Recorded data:
--------------------------------------------------

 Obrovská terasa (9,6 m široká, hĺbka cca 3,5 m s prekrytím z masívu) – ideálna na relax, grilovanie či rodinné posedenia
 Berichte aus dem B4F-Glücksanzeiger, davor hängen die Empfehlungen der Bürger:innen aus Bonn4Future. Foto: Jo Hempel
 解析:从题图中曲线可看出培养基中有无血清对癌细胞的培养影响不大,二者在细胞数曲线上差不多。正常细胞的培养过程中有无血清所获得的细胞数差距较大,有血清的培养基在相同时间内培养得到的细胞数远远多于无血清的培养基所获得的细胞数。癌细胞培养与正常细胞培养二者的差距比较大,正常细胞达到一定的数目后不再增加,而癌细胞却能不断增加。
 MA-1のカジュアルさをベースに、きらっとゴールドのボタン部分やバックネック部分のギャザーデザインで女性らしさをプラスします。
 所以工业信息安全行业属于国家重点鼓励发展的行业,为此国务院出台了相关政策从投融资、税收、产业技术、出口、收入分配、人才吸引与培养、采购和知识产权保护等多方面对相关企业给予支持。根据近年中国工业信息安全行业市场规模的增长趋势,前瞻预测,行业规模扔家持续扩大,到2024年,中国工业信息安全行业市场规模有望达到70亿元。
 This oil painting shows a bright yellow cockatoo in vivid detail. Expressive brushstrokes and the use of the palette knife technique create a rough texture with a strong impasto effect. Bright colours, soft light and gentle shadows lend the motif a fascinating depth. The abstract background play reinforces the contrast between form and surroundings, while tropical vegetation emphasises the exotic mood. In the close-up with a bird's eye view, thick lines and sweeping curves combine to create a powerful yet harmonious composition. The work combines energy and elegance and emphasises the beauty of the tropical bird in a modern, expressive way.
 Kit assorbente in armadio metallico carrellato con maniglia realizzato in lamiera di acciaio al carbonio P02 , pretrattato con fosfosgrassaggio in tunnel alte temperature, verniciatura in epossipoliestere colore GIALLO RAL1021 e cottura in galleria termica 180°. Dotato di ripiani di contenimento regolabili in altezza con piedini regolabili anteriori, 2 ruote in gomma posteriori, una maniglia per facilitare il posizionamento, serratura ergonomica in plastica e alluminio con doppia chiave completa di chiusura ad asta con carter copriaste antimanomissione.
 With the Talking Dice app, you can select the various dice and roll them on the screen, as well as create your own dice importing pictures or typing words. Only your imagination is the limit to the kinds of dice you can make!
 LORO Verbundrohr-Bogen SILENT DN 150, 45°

--------------------------------------------------

### Assignment:
The first line of the records and every line down to the line with "MA-1のカジュアルさをベー" must be quoted exactly; leave out all else.

### Result for this exercise:
 Obrovská terasa (9,6 m široká, hĺbka cca 3,5 m s prekrytím z masívu) – ideálna na relax, grilovanie či rodinné posedenia
 Berichte aus dem B4F-Glücksanzeiger, davor hängen die Empfehlungen der Bürger:innen aus Bonn4Future. Foto: Jo Hempel
 解析:从题图中曲线可看出培养基中有无血清对癌细胞的培养影响不大,二者在细胞数曲线上差不多。正常细胞的培养过程中有无血清所获得的细胞数差距较大,有血清的培养基在相同时间内培养得到的细胞数远远多于无血清的培养基所获得的细胞数。癌细胞培养与正常细胞培养二者的差距比较大,正常细胞达到一定的数目后不再增加,而癌细胞却能不断增加。
 MA-1のカジュアルさをベースに、きらっとゴールドのボタン部分やバックネック部分のギャザーデザインで女性らしさをプラスします。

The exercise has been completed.